I had my first Jack Snipe on the patch last week, my friend and I wandered the flooded fields beside the new workings (shhh… don’t tell anyone, it’s a fenced off area), flushing one briefly. Their flight is very short and direct, unlike Common Snipe, you also nearly have to tread on them to make them move. This week there has been one on view at Stony Stratford Nature Reserve.
Bobbing Jack Snipe
Yesterday morning I decided to make a, rather chilly, journey down to see it. Now I used to count the nature reserve as part of my patch, but very rarely get down there.
Entering the hide, accessed straight off the main road, I met two, already encumbered, local birders, and began scanning. Every Common Snipe was carefully examined. Like many birds where there is a similar species, until you see the real thing you are always wary.
Sadly there was no sign, but a cryptically patterned brown bird, hiding in brown scrub can always be elusive.
Along side the Common Snipe, plenty of Canada Geese could be found squabbling with each other; European Teal, hugged tight to the banks; a couple of long necked Cormorant fished the icy waters; elegant Grey Heron stalked the banks. But no sign of any bobbing jack snipe.

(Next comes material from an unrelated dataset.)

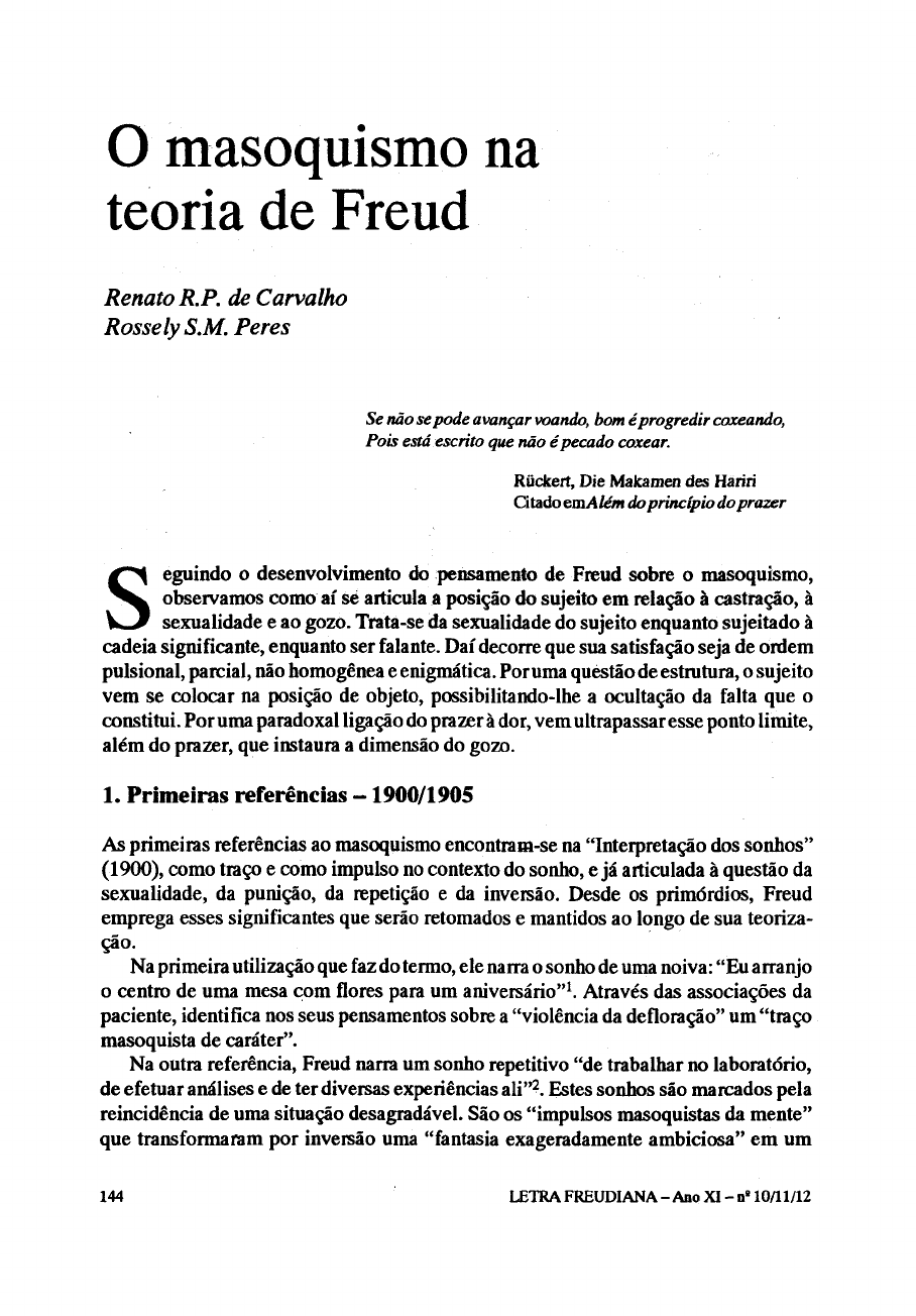 S eguindo o desenvolvimento do pensamento de Freud sobre o masoquismo,observamos como aí se articula a posição do sujeito em relação à castração, àsexualidade e ao gozo. Trata-se da sexualidade do sujeito enquanto sujeitado à
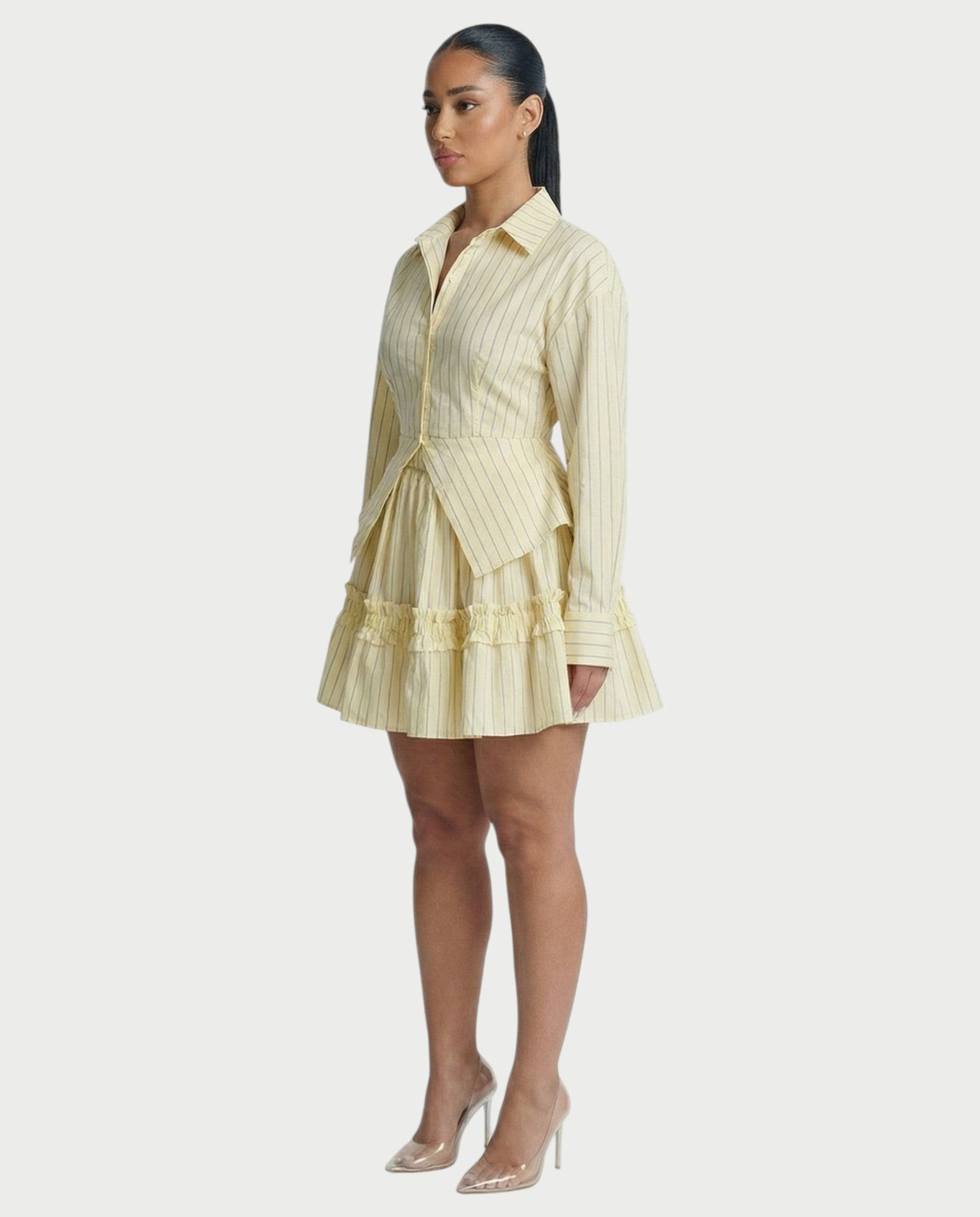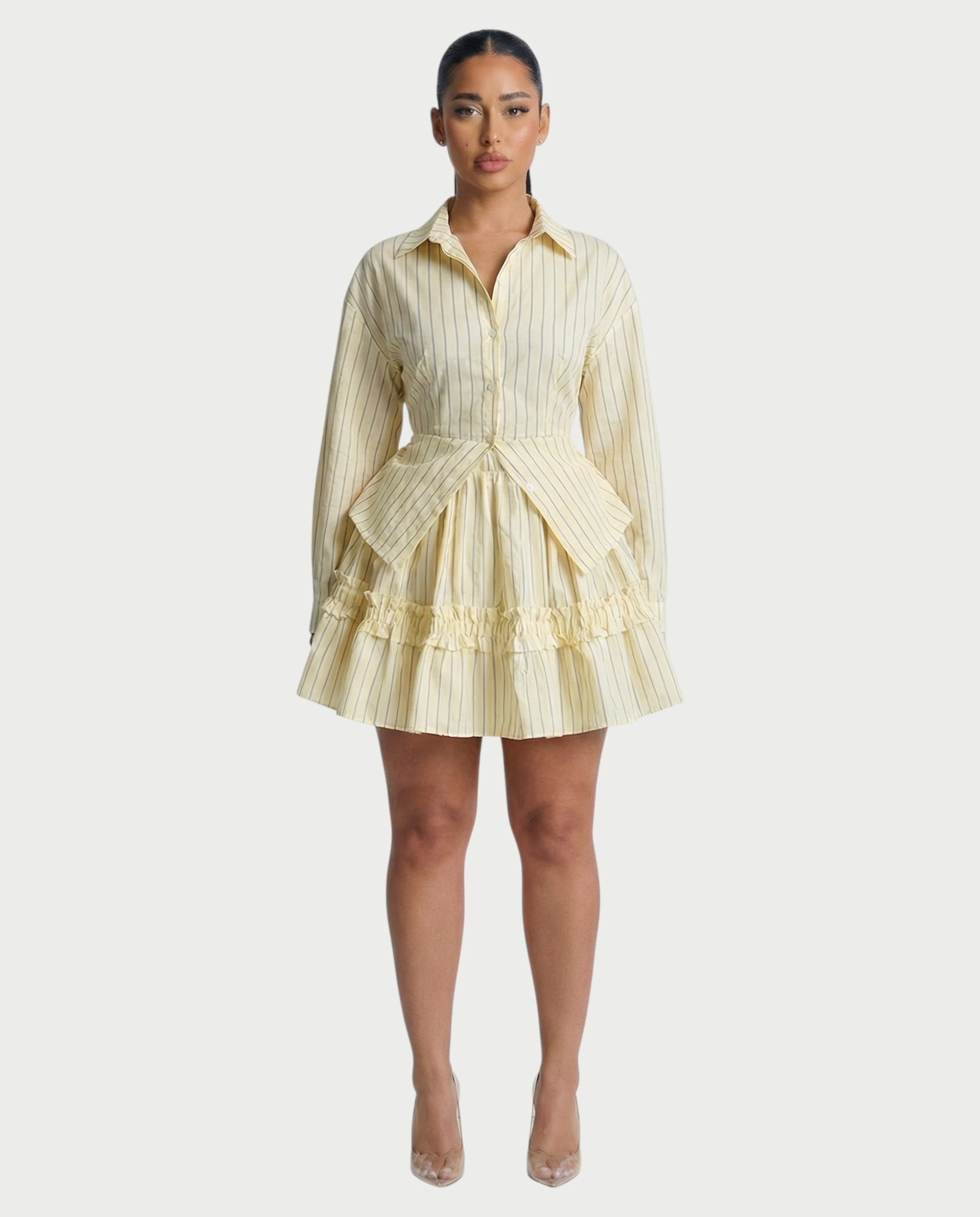 Acapara todas las miradas con el vestido Juvia, diseñado para realzar cada curva con precisión. Este sensual minivestido presenta un escote pronunciado con aberturas esculpidas, realzado por un elegante detalle de cadena que le da un toque especial. La malla fruncida se ajusta al cuerpo a la perfección, creando un ajuste suave y estilizado que apenas se nota.

hanging around in the freezing temperatures that the UK is currently going through was hard work, but eventually I spotted the telltale sign of a Jack Snipe. Deep in the scrub, a bouncing, bobbing movement. Patient examination revealed it was indeed the bird I was after. The bird remained in the same spot from then on, occasionally bobbing but never coming out of deep cover.
And here are the photos of the bird.
What do you mean you can’t see it?
OK so those aren’t the best photos ever, but they certainly give you an idea of just how tricky it is to see one of these well camouflaged birds.
While watching the Jack Snipe, a male Goosander dropped in for a few minutes, before a fly over helicopter flushed it off. A further two were spotted as I wandered back to the car park, but little else for a while.
I decided to check out the second hide at Stony Stratford Nature Reserve, before my walk home once more. And I am glad I did.
Just outside this hide is a small feeding station, and with a feeding station often comes close birds. And so it was that I had a mad half hour photographing Great Tit, Blue Tit, Reed Bunting and Robin. All very close, and in some lovely light.
These were my favourite photos of each one, but the rest are below, under Other Photos.
After having my fill, I decided I had better get back to the pup (lunchtime was approaching), so I headed back. My mission for a Jack Snipe photo not quite complete.